The activation of the amygdala in the face of stimuli that cause us fear enhances the imprint of memories, makes it deep. That is, we better remember the things that happen to us when intense emotions arise simultaneously, so the arousal or emotional activation is what makes it easier for memories to be consolidated.

Here we have seen some of the most relevant discoveries that have been made in recent years about memory and the generation of new memories. However, the answers that researchers currently defend are far from closed answers. In the same way, being recent discoveries, we have not yet taken full advantage of them to improve the lives of those people suffering from memory problems

Bibliography

I. Massó, AG (2009). The brain as a machine for learning, remembering and forgetting. Arbor185 (736), 451-469.

Jung, CG, Jaffé, A., & Borrás, MR (1966). Memories, dreams, thoughts  (pp. 476-477). Seix Barral.

Morgado, I. (2014). Learn, remember and forget. Brain keys to memory and education .

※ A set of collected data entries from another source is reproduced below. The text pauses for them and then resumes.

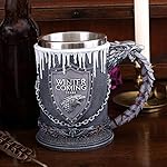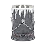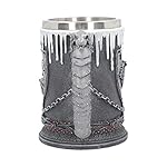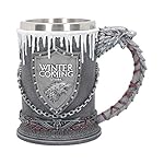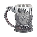 Dieses Produkt ist sondern dekorative Zwecke im Rahmen. Realisieren Sie Ihre Verbundenheit zum König im Norden mit diesem fantastischen Bierkrug von Wahnsinnig. Die Unterseite des Bierkrugs wird von einem imposanten schwarzen Boden angehoben und von einem Lederband mit Nieten und Metallstäben umgeben, die ihn am Ort des Geschehens halten. Die Seiten des Bierkrugs haben graue Schilder, die jeweils das Haussiegel eines wütenden Wolfes versteifen und das Motto & Winter ist Coming. Ketten henken am Boden den Schildern, die zwischen den Nieten verankert sind. Die Wahrheit des Motto wird durch die gefrorenen Eiszapfen an der Stahlfelge dargestellt. Der Griff wird von der Basis nach oben geschwungen, durch segmentierte Rüstungsplatten geschützt, die mit dünnen Lederriemen gehalten werden, bevor er in den Mund eines imposanten Wolfes eindringt. In feinstem Harz gegossen und liebevoll von Hand bemalt. Dieser Krug verfügt über einen herausnehmbaren Edelstahleinsatz sondern eine einfache Reinigung.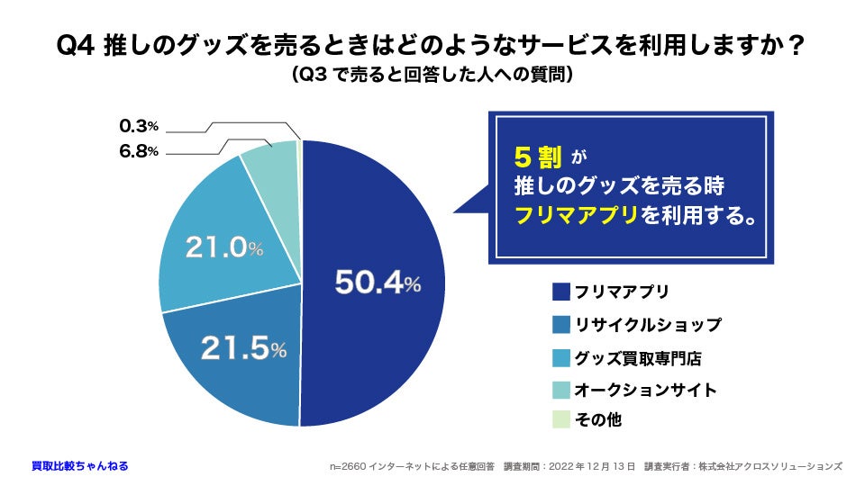 Q4 推しのグッズを売るときに「フリマアプリ」を利用するという人が50.4%で一番多い。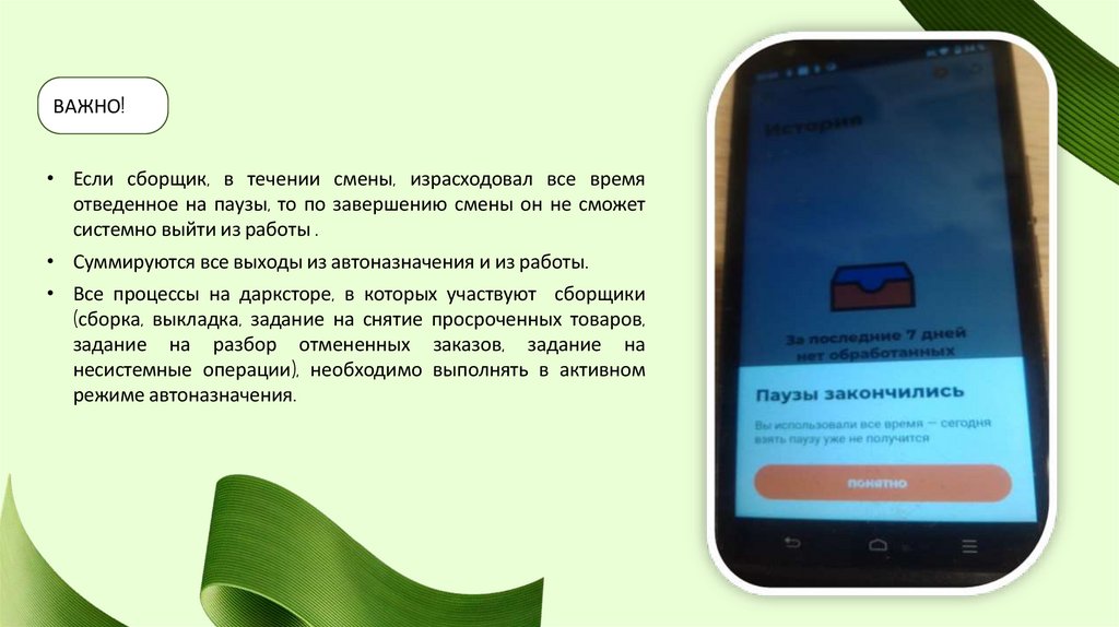 отведенное на паузы, то по завершению смены он не сможет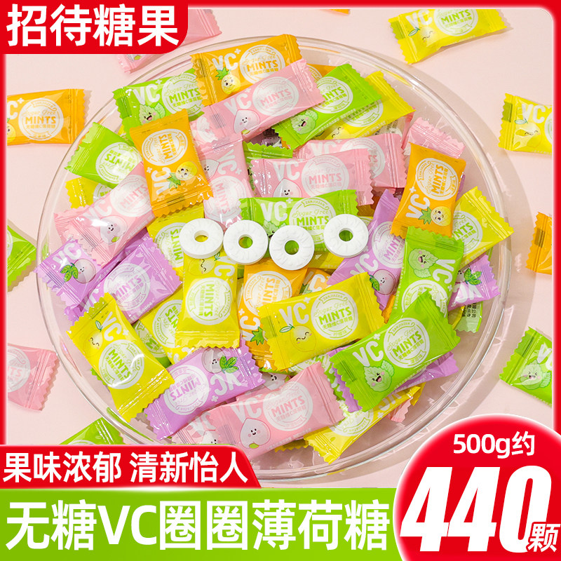 无糖圈圈薄荷糖水果糖果零食休闲独立小包装清新口气维C清凉招待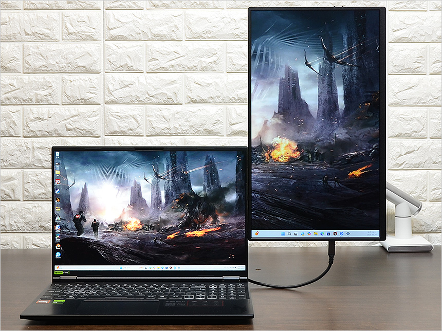 테스트를 위해 책상에 설치한 모습으로 기존의 포터블 모니터와 확연히 비교될 정도로 크기가 상당한 것을 확인할 수 있다. 서브 모니터로만 사용되는 기존 제품들과 달리 메인 모니터로도 충분히 사용할 수 있을 것이다. 또한 HDR 지원모델 답게 설정이 활성화 된 것을 확인할 수 있다.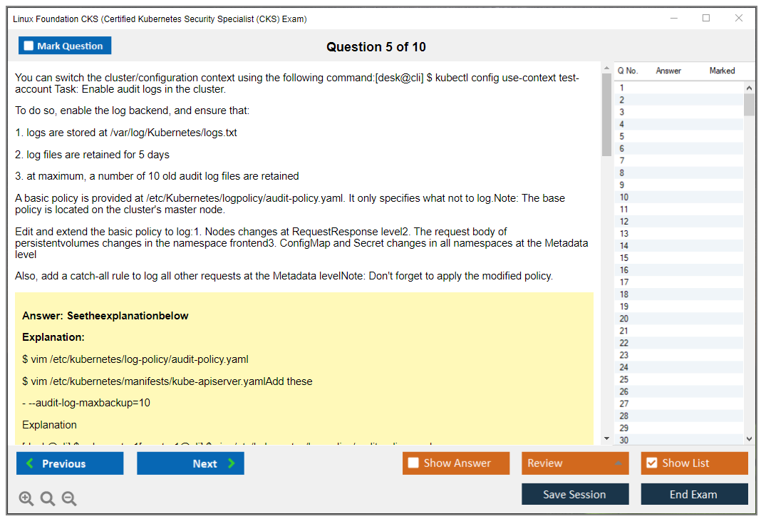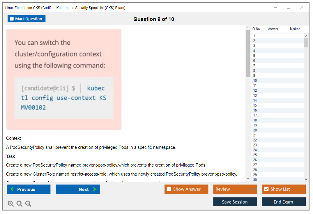 The question format of the Linux Foundation CKS Exam is performance-based, meaning that candidates must complete tasks in a live Kubernetes environment.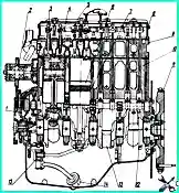 Система питания дизеля топливом (рис. 1) состоит из топливного насоса высокого давления 4, форсунок 13, трубопроводов низкого 6 и высокого 9 давления, впускного 12 и выпускного коллекторов, топливных фильтров грубой 3 и тонкой 10 очистки, топливного бака 1, трубопроводов и шлангов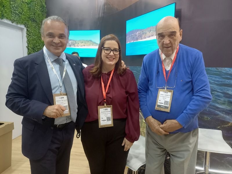 Roberto de Lucena (Setur-SP) (a esq), Alexandra Favoretto e Jarbas Favoretto da AMITESP no estande de São Paulo – Crédito – Dalton Assis – AC News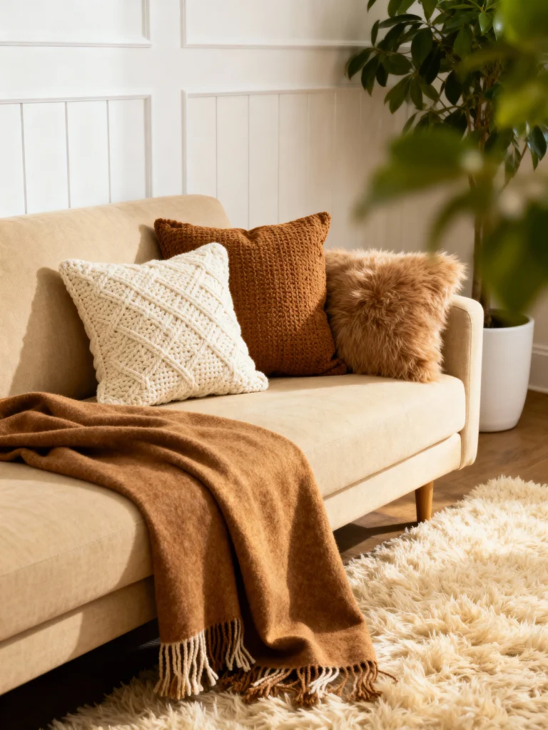 Add warmth and coziness by layering different textures. Combine soft throw blankets, plush pillows, and a cozy area rug. Mix materials like velvet, knit, and faux fur to create a tactile, inviting space.

Pérez Rosales, V., & Rosales, VP (1972). Memories of the past  (No. Sirsi) a444462).

Santamaría, R. (2016). The ability to save and remember information has its mystery: silence! memory working.

Sousa, DA (2002). How the Brain Learns . Corwin Press.

Walker, MP (2007). Sleep to remember. Our brain needs to sleep before and after learning new things, regardless of the type of memory in question. Naps can help us, while caffeine is not a good substitute. Mind and Brain , (25), 53-61.